Checking for a value

Reasoning behind the bench

I’ve been working a bit on my CSSParser (which I will rename to CSSReader og CSSHandler when I get around to it), and one thing I found out was, when reading shorthand values (like: border: 1px solid #00ffff;) you can’t assume they always come in the same order.
If we take a border property as an example:

.something {
  border-right: 1px dashed #00ff00;
  border-left: dashed 1px rgb(255,0,0);
  border-top blue solid 1px;

This shows that the border shorthand value can have a different order of subvalues, and the actual value data can change alot (notice the 3 different ways of defining a color, the rgb() still cause me a bit of trouble). So to set an array (mapped with [‘width’], [‘style’] and [‘color’]) I can’t just split the string and set it, I need to split the string and then try to guess every value. To guess the values I’ll be running through the following process:

I’ve tried to put the checks in the order I would assume most common, so I can continue the loop quickly after each check and skip the following ones.

The test

Link to test

Now the thing is I need to check if one value exists in a predefined list of values (this case it’s particularly the styles, but colors and width as well has some constant names they can use to define the numeric value). I figured there’s 3 ways of doing this.
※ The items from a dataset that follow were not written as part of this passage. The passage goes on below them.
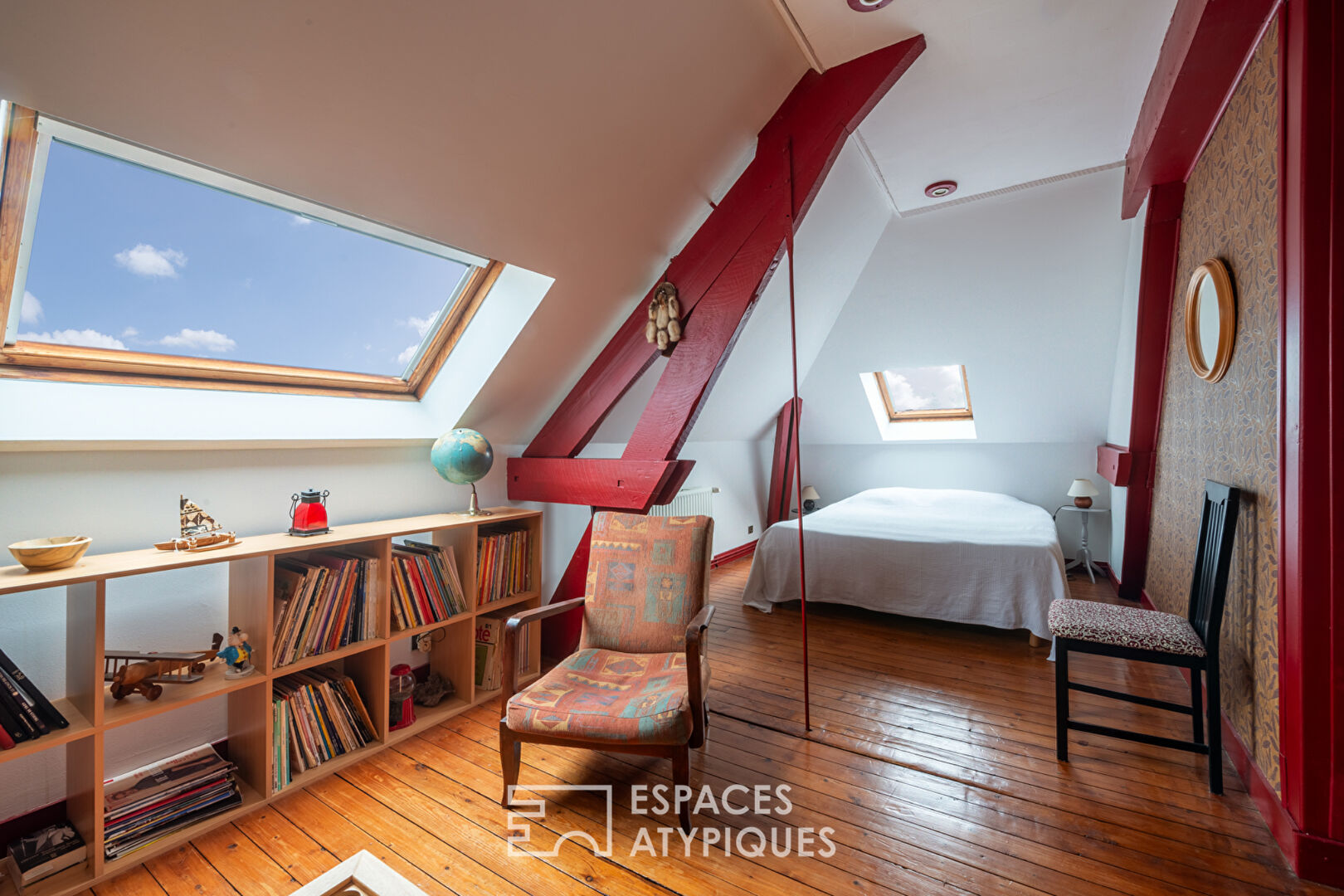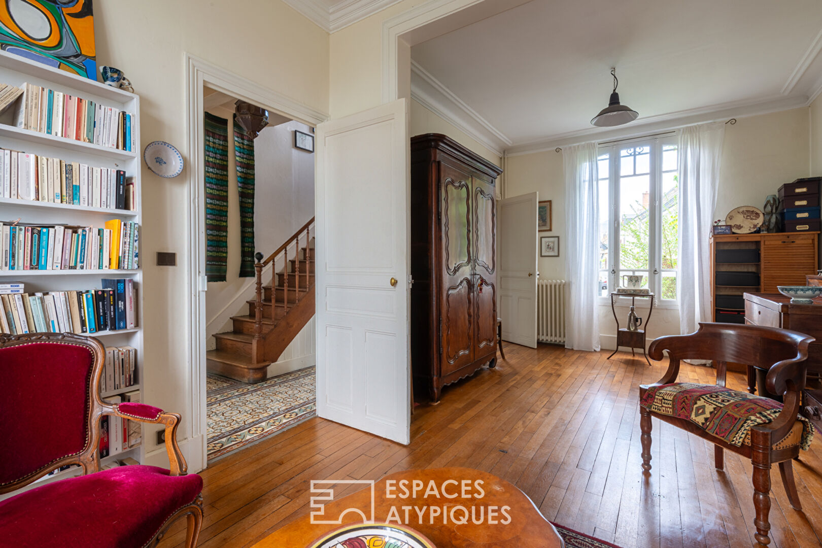 With its overhanging roof, decorative brickwork, and original cement tiles, the home radiates character. Inside, high ceilings, large windows, and a central hallway create a sense of brightness and flow.
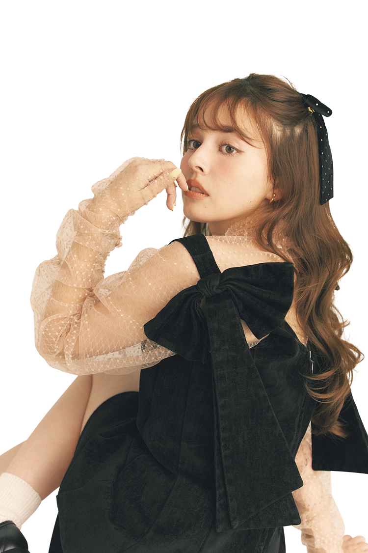 ワンピース 12,999円、シアートップス 7,999円/ともにH&M Studio Holiday コレクション(H&M)リボンバレッタ 13,200円/THE HAIR BAR TOKYO イヤリング 3,740円/ミミサンジュウサン(サンポークリエイト)ローファー 22,000円/ル タロングリーズ(ル タロン グリーズ ルミネ新宿店)ソックス/スタイリスト私物
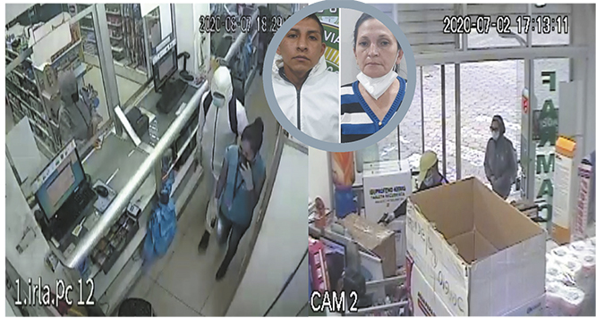 Las cámaras de seguridad y el trabajo minucioso de los investigadores de la FELCC, permitió la identificación y captura de Francisco Quispe Condori de nacionalidad peruana y su pareja Blanca Jimena Gonzáles Egüez (boliviana) acusados de ser los autores de los robos en farmacias y laboratorios relacionados al rubro de la medicina.
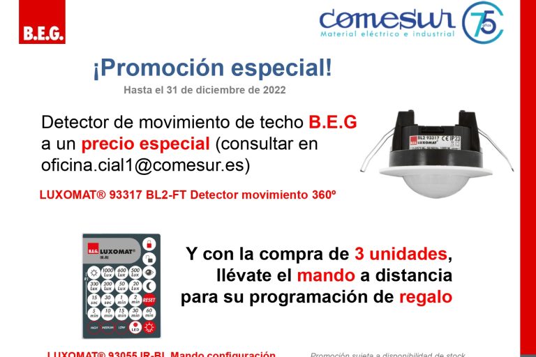 Detector de movimiento de techo BEG a un precio especial (consultar en oficina.cial1@comesur.es) Y con la compra de 3 unidades, llévate el mando a distancia para su programación de regalo. MANDO PARA DETECTOR MANDO A DISTANCIA POR INFRARROJOS PARA AJUSTAR O CAMBIAR LOS PARÁMETROS CÓMODAMENTE, SOPORTE DE PARED INCLUIDO DE SERIE., FÁCIL PROGRAMACIÓN DE LOS…
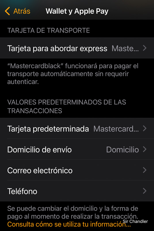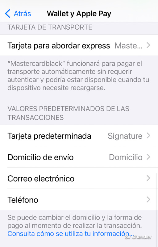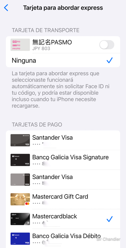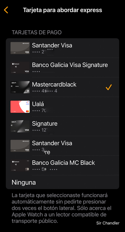 Y en el caso de los que tengan iphone y además el reloj e Apple, pueden poner distintas tarjetas predeterminadas para los gastos como para el pase de abordar express.
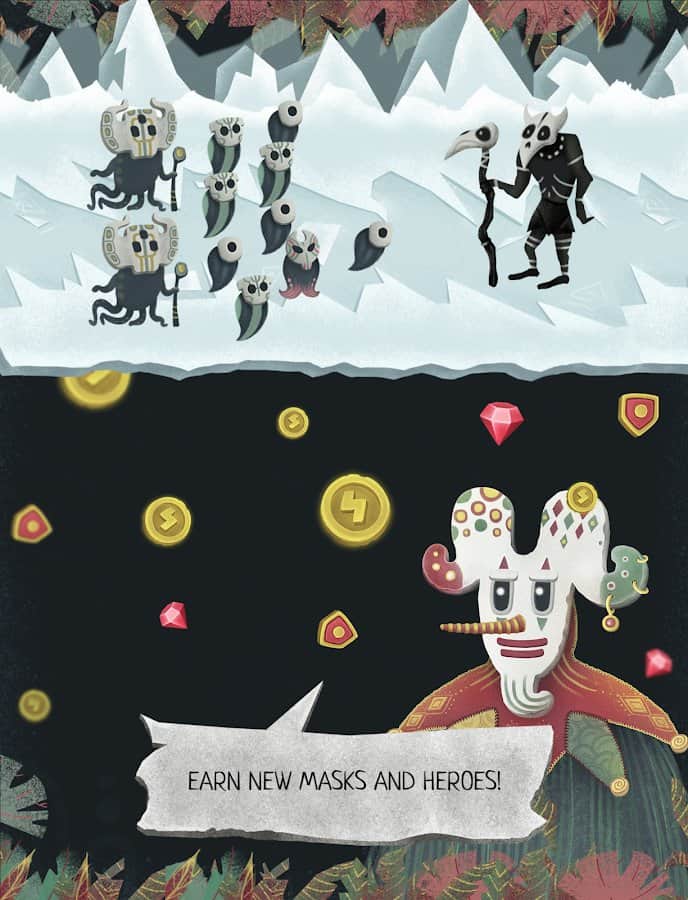 Mask Merge - мистическая аркада с элементами ролевки события которой разворачиваются в неком вымышленном мире, мире в котором уже несколько веков идет ожесточенная война между духами и шаманами. Стоит отметить что шаманам удалось заточить духов, но со временем волшебники постарели и потеряли былое мастерство и теперь вам во главе с окрепшими духами предстоит постараться обрести свободу. Особенностью игры является то что все ваши умения и навыки будут определять различными масками, которые вы будет получать в процессе прохождения.
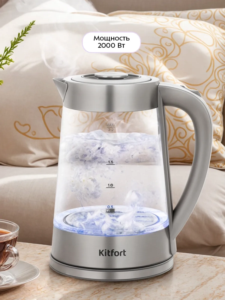 Чайник электрический стеклянный КТ-6763 - 2,2 л

Actually I started with 5 ways, but as I learned previously I have to keep these tests down in size for it to work properly (the 2 ways I cut will be grayed in the list below):

  1. Having an array with all the predefined values, and checking it with in_array.
  2. Having all the predefined values in a string separated by spaces, then using strpos to look for our value.
  3. Flipping (array_flip) our array from earlier, and instead of in_array we use isset($array[‘our_value’]).
  4. Again using strpos to check, but instead of a string separated by spaces I tried a constant.
  5. Tried a preg_match on a string of values.

I’ve run the test for the same dataset, but testing for values on different positions in the set.

  • first value, is testing for the value which is placed as the first value in the dataset.
  • mid value, is a value there’s somewhere the middle of the set.
  • last value, is last value of the set.
  • no hit, here I test for a value that doesn’t exist in the set.

The obvious winner is the isset method which is almost 5 times faster than checking for the value using the in_array (which was what I would have chosen to start with). To avoid using the array_flip you can always just write the array up with keys and then equal some value, like:

$arr = array("hidden" => 0, "dotted" => 0, "dashed" => 0);

It’s just a hassle to write larger sets of data that way, so using the array_flip function really helps out here, which is also the method I’ve chosen for my CSS project.